— Provided information —

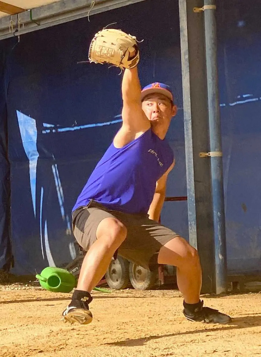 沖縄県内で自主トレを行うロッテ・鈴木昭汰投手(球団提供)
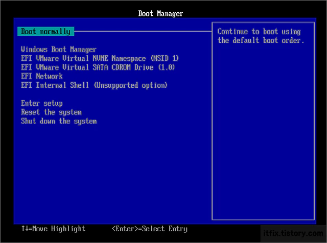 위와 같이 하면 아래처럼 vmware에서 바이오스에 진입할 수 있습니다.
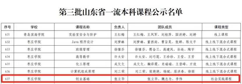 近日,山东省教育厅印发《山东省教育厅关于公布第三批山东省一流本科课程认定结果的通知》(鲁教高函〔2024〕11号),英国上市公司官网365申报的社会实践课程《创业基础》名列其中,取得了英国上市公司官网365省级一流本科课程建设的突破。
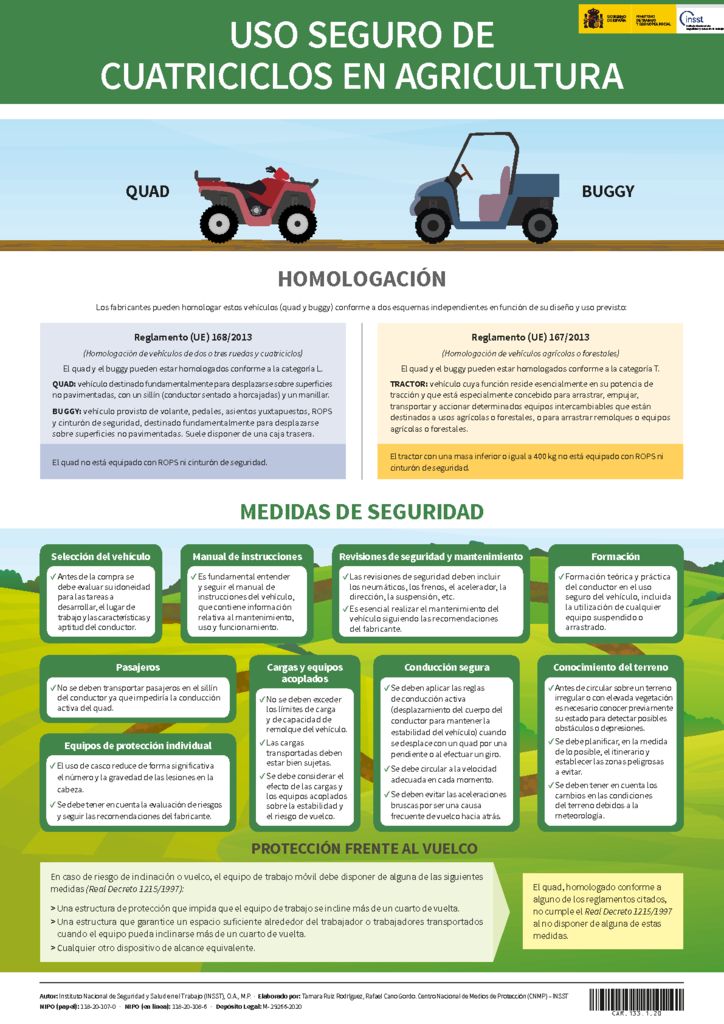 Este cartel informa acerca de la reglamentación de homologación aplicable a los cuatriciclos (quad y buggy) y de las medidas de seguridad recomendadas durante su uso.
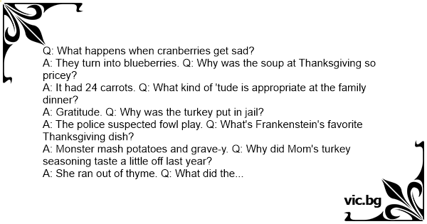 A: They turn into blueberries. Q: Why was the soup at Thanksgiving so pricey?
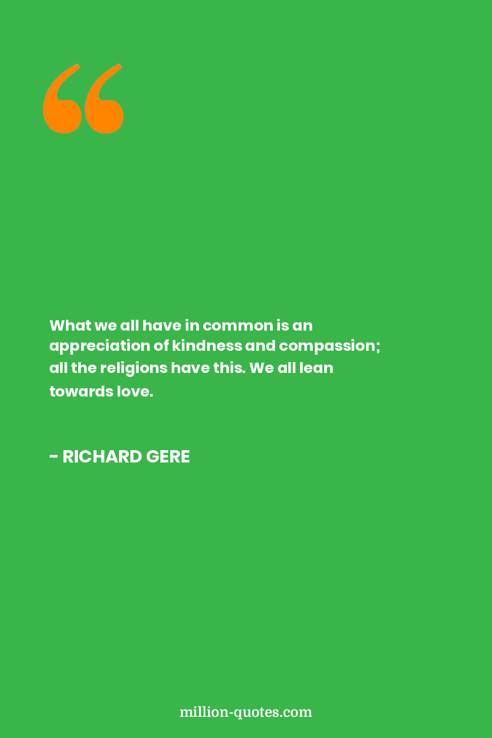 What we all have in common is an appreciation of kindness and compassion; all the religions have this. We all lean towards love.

— Required action —
Word for word, copy every line of the data, excluding any pictures.

— Written response —
 沖縄県内で自主トレを行うロッテ・鈴木昭汰投手(球団提供)
 위와 같이 하면 아래처럼 vmware에서 바이오스에 진입할 수 있습니다.
 近日,山东省教育厅印发《山东省教育厅关于公布第三批山东省一流本科课程认定结果的通知》(鲁教高函〔2024〕11号),英国上市公司官网365申报的社会实践课程《创业基础》名列其中,取得了英国上市公司官网365省级一流本科课程建设的突破。
 Este cartel informa acerca de la reglamentación de homologación aplicable a los cuatriciclos (quad y buggy) y de las medidas de seguridad recomendadas durante su uso.
 A: They turn into blueberries. Q: Why was the soup at Thanksgiving so pricey?
 What we all have in common is an appreciation of kindness and compassion; all the religions have this. We all lean towards love.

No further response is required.